▸ **Work to be completed**
All lines with the word "minutes" are to be found and copied from the listing.
Top of Available data
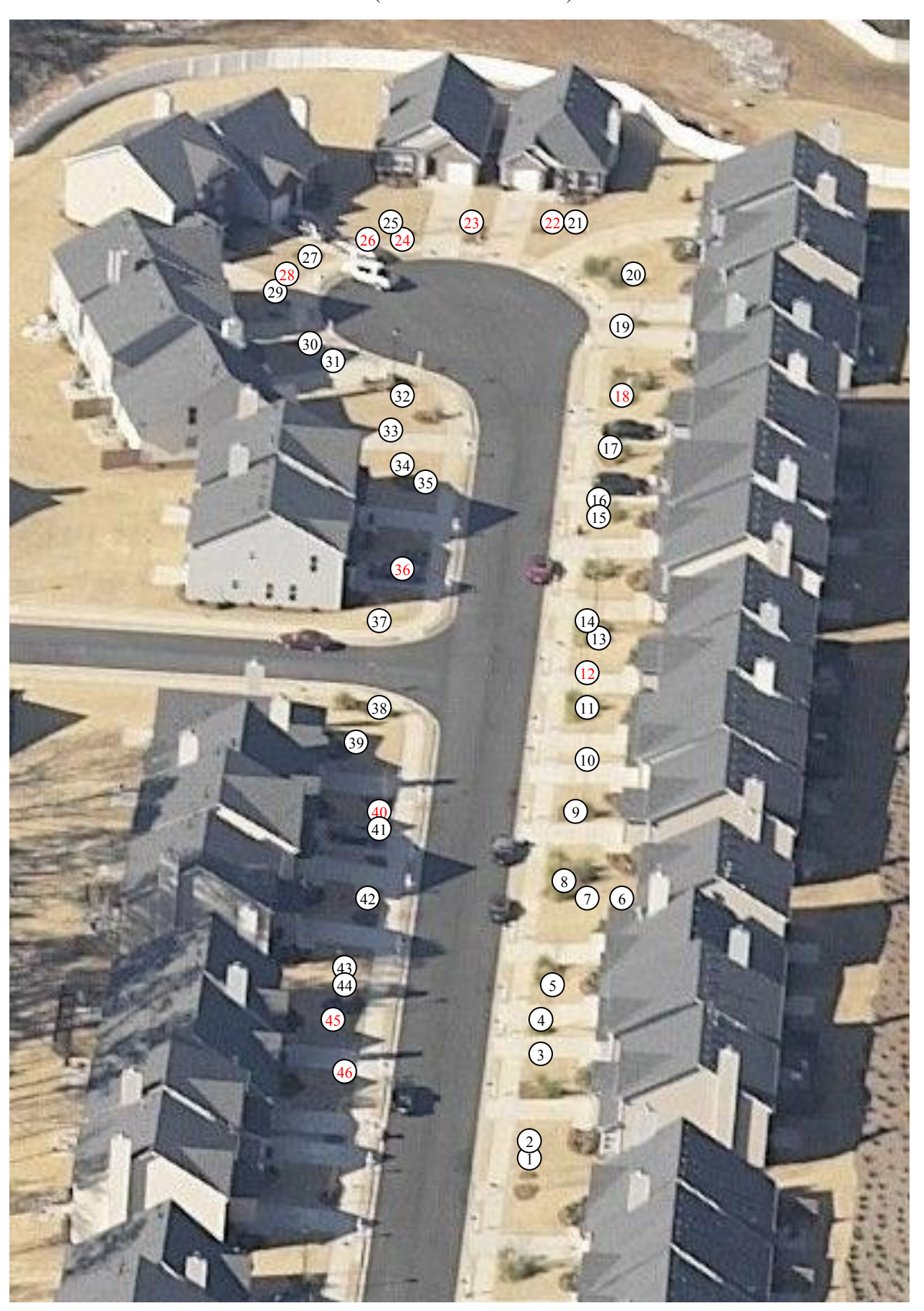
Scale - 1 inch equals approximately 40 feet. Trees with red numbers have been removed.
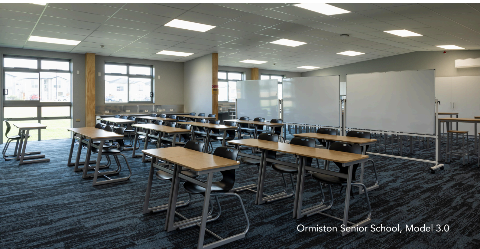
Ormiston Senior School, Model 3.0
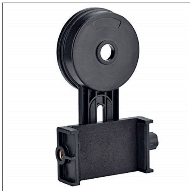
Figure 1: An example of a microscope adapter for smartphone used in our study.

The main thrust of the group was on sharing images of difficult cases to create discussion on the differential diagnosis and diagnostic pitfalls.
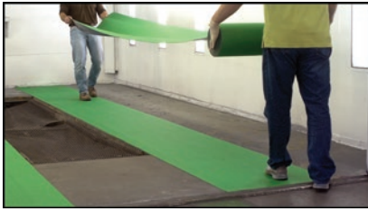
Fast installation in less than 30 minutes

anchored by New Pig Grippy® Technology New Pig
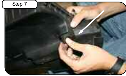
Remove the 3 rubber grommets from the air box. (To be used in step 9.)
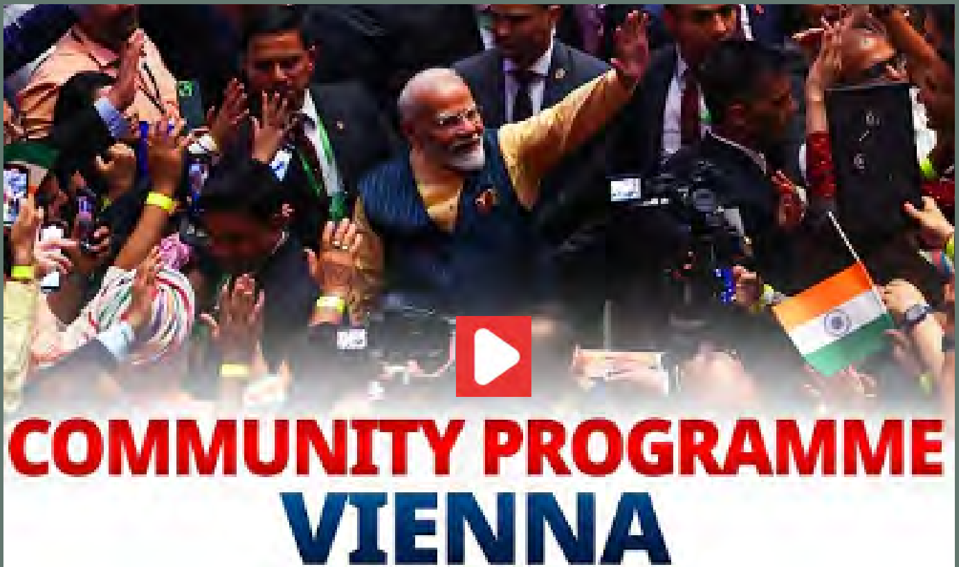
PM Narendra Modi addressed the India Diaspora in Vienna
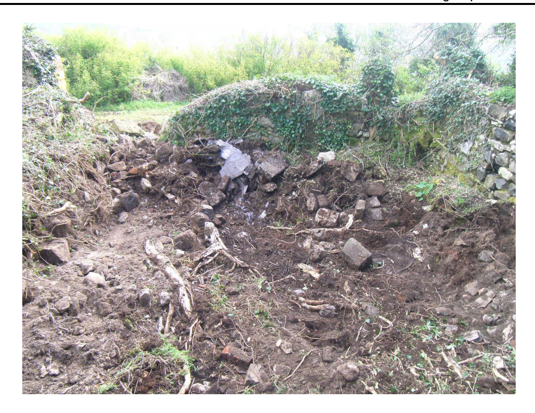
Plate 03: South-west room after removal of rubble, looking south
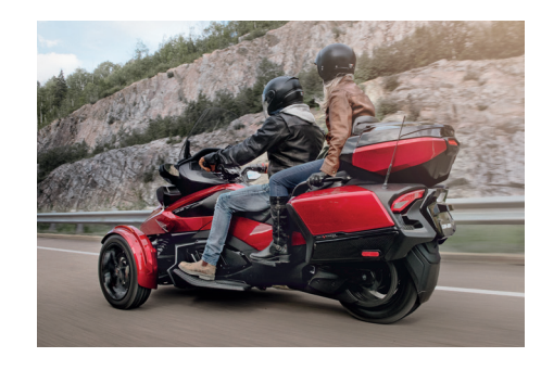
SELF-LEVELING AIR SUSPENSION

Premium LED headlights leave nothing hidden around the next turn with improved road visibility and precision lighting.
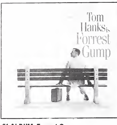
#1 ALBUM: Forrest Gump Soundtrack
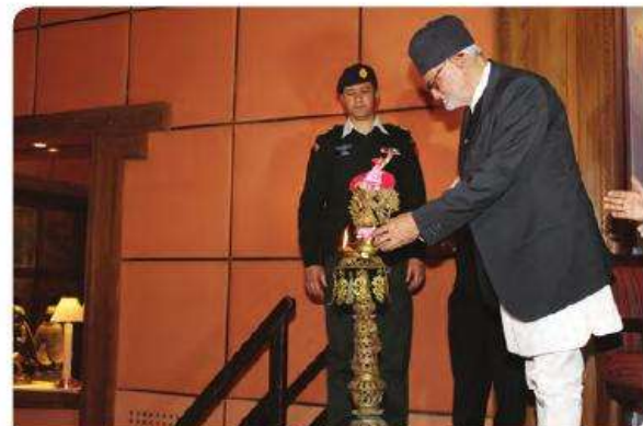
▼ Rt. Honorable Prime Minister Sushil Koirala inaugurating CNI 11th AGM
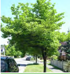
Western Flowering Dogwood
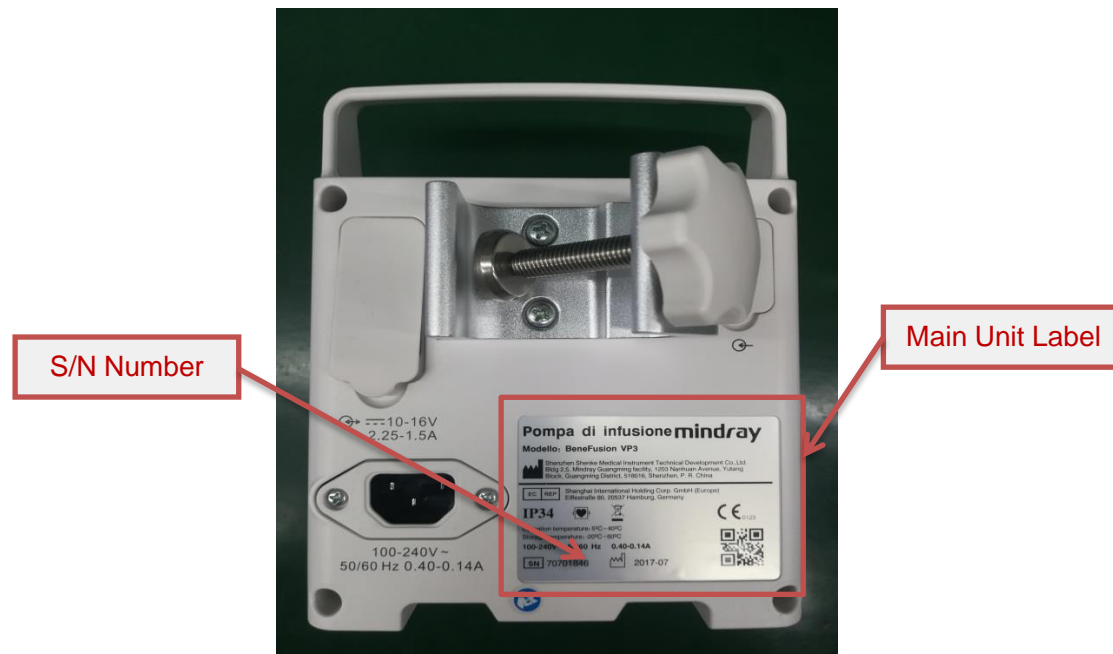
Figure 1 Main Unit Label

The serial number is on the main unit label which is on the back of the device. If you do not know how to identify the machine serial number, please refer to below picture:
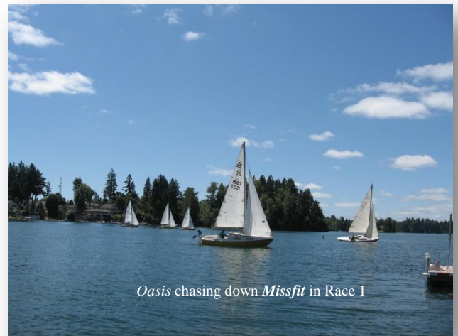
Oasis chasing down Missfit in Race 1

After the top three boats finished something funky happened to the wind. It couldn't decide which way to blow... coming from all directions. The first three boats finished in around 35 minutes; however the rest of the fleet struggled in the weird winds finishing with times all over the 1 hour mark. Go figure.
Bottom of Available data
▸ **Result below**
Fast installation in less than 30 minutes
After the top three boats finished something funky happened to the wind. It couldn't decide which way to blow... coming from all directions. The first three boats finished in around 35 minutes; however the rest of the fleet struggled in the weird winds finishing with times all over the 1 hour mark. Go figure.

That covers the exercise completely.